I have met many people who studied a lot (or at least said they did) and still often failed their exams. Let's just say they really spent a lot of time studying, or thinking that they were studying. What were they doing wrong?

I have also met a lot of people who seemed to be able to do thousands of things, they were active in a sports club, had a girlfriend/boyfriend, traveled the world, volunteered whenever there was an opportunity and still had the best grades, apparently not learning at all.

If you are studying a lot - let's say 4-6 hours a day (which does not count lectures or classes) - and you are still having trouble keeping up you are probably doing it wrong.

Sleep regularly

This is a frequent mistake. People "study" till 3am, or they stay up watching movies or go out and get wasted, getting back some time in the morning, or they spend a lot of what should be sleep time with their partner. All of these have a problem: it is impossible to learn on an average of 4 or 5 hours of sleep daily. Going to parties and getting wasted, having a hangover for the next day or two is all fine - but not if you know you have an exam in two weeks that you really need to study for. You will waste three days while your body tries to go back to a state where studying is possible.

The key really is sleeping regularly. Taking a 3-hour-nap at 2pm, then sleeping 4 hours at night is not the same as 7 hours of sleep at night, every day, during the same time. You will find yourself dizzy, having trouble to say what time it is and you will still feel exhausted and/or unable to sleep at night.

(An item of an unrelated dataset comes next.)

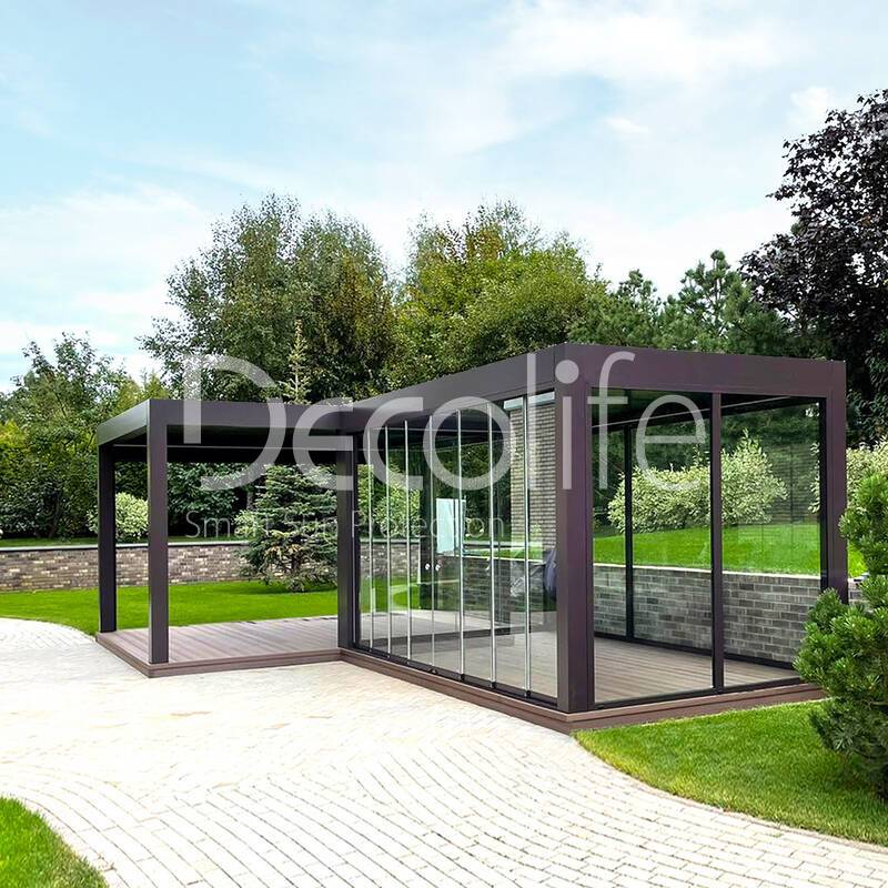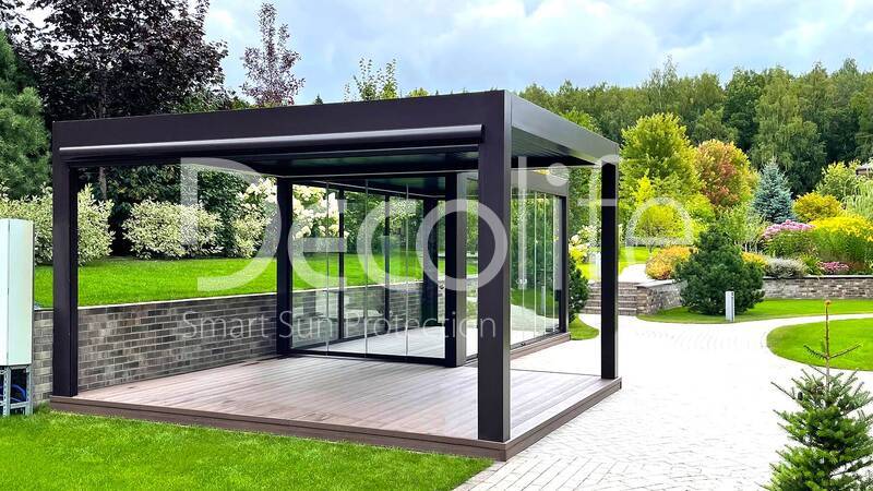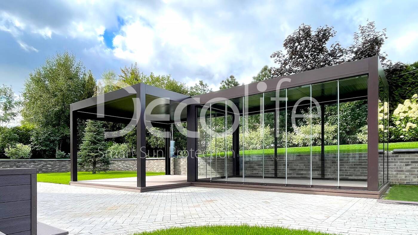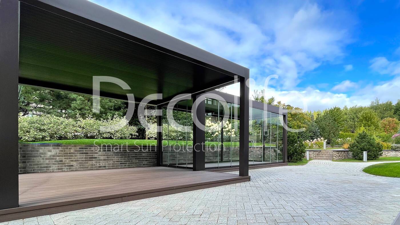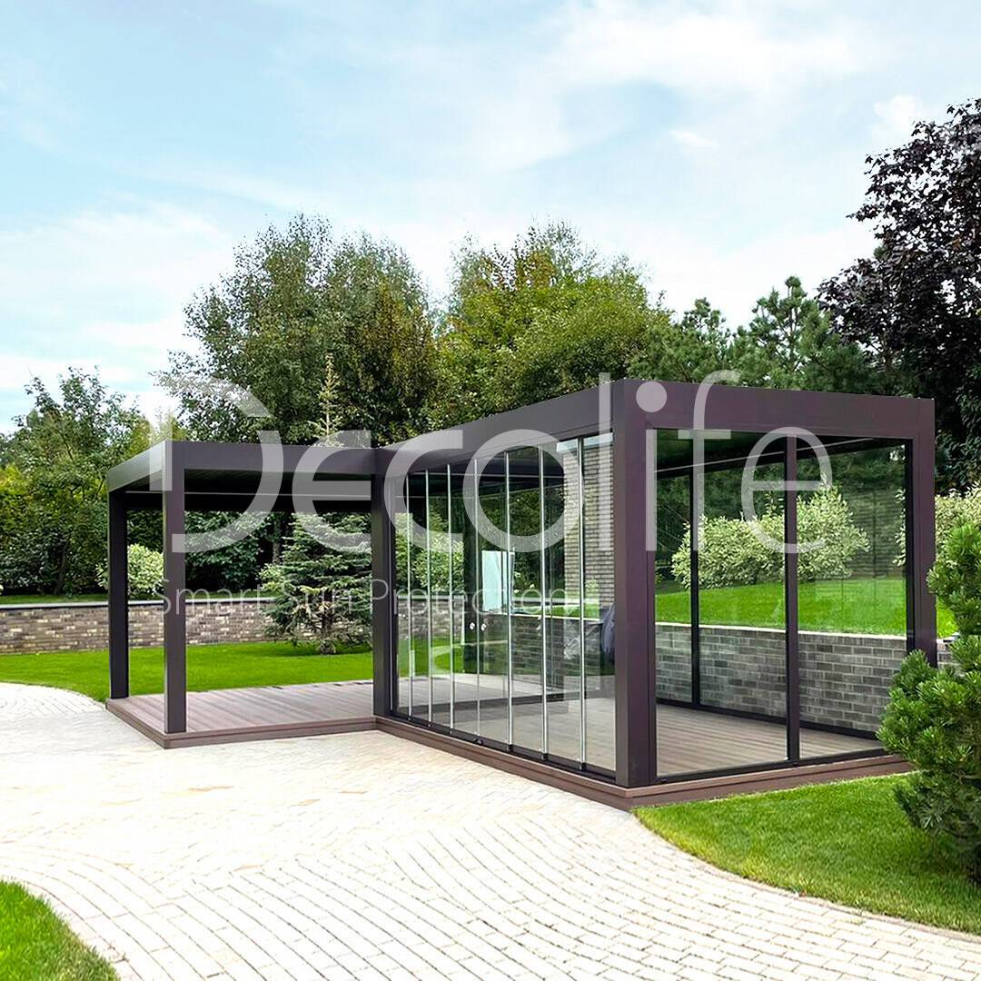 Раздвижные конструкции перголы позволяют свободно играть светом и пространством, обеспечивая мягкую гармонию между интерьером и экстерьером. Раздвижные окна и двери стеклопакет добавляют воздушности и легкости, делая перголу пригодной для использования в любое время года и в любую погоду.

Irregular sleep schedules are for the holidays and are incompatible with studying.

Now I often hear, "but I do not have time, i need to study late in the evening/at night." You should ask yourself what you are trying to do by "studying" at these hours. Are you actually trying to study or are you panicking, trying to make up for time that was spent otherwise? Or are you maybe trying to study to get an excuse for after the exam, "well but I studied! I did so much! Why did it not work?" (I hear that a lot.)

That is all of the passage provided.